The main() function reads the dataset then finetune our layoutlmv2 model on the dataset we created along with calculating the loss on training and the test data.

Flow of the main() function goes like : it then calls the get_labels() function to get the list of labels for the token classification task. The number of labels is computed and the padding label id is set to the CrossEntropyLoss().ignore_index. The function then initializes a LayoutlmConfig with the number of labels and downloads the pre-trained LayoutLM-base-uncased model. A LayoutlmForTokenClassification model is initialized using the downloaded LayoutlmConfig. The train_dataset is created using the FunsdDataset class and the train() function is called to train the model. The function then downloads the pre-trained BertTokenizer and initializes a new LayoutlmForTokenClassification model from the output directory. The evaluate() function is called to evaluate the trained model on the test dataset, and the function returns the evaluation result and predictions.

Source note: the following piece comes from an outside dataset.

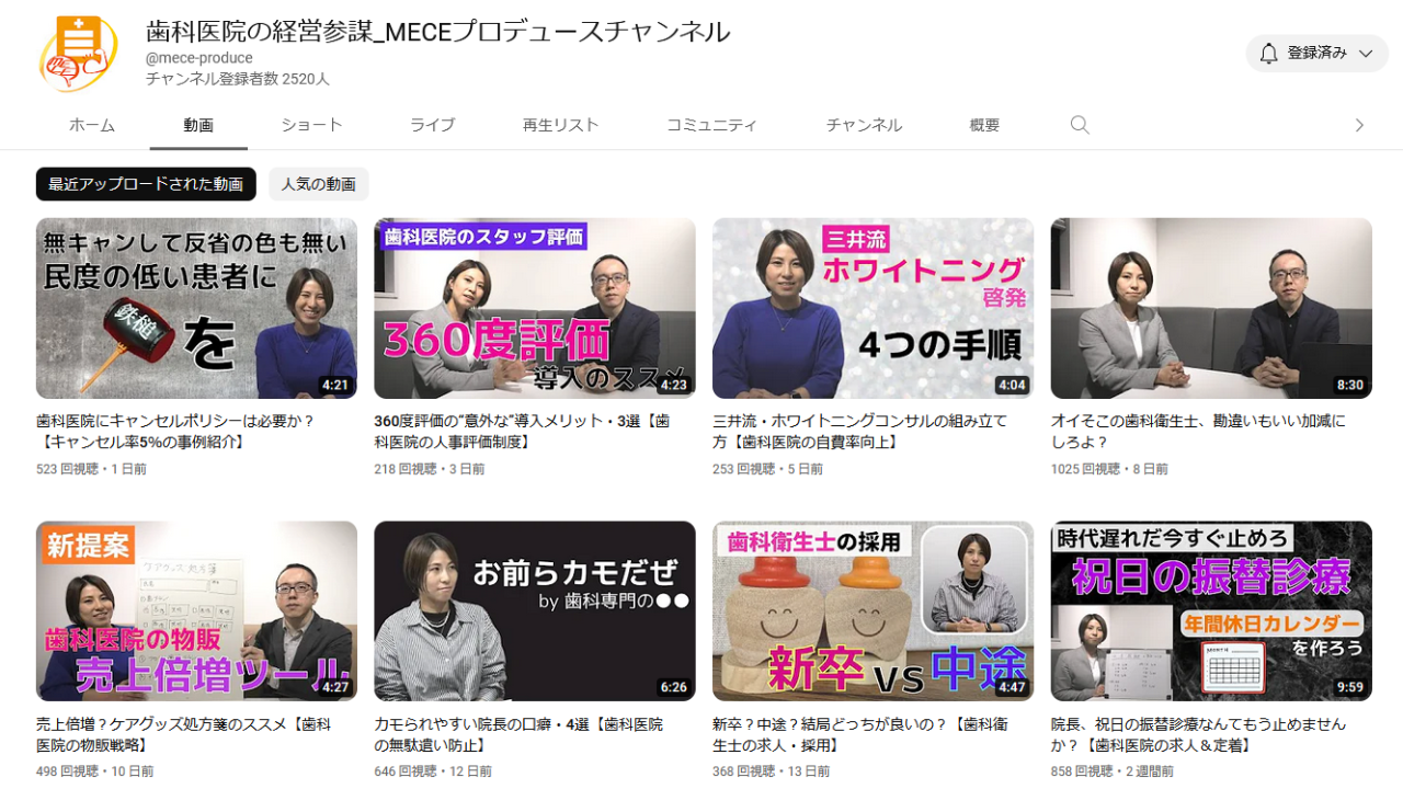 同社は歯科医院の経営に役立つ情報を日々、公式YouTubeチャンネルで提供しています。「歯科医院の経営参謀・MECEプロデュースチャンネル」はチャンネル登録者数が2,500名を超え(2022年12月現在)、歯科関係者を中心に日々の医院経営に役立てられています。

In conclusion, LayoutLMv2 is a powerful machine-learning model that can be used to finetune a model for classifying text in graph images. This method can provide valuable insights into the structure and content of graphs, making it easier to analyze and understand complex data. As the amount of data available continues to grow, LayoutLMv2 will become an increasingly important tool for businesses and organizations looking to gain insights from their data.

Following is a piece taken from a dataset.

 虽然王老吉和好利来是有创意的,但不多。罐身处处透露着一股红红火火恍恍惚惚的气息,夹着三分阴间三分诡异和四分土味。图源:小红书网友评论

Contour detection and Rule-based methods

In addition to using LayoutLMv2, another method for analyzing graphs is to use contour detection and basic mathematics to classify the text extracted from the image. This method is particularly useful for analyzing bar charts, where the bars themselves are the primary means of conveying information.

The first step in this method is to use computer vision techniques to detect the bars in the graph image. This can be done using contour detection, which identifies the outlines of objects in an image. Once the bars have been detected, the height and position of each bar can be extracted using basic mathematics.

Once the heights and positions of the bars have been extracted, the next step is to identify the labels for the x-axis and y-axis. This can be done using NLP techniques to analyze the text in the graph image. The labels for the x-axis and y-axis can then be mapped to the corresponding bars using the positions of the bars and the position of the labels.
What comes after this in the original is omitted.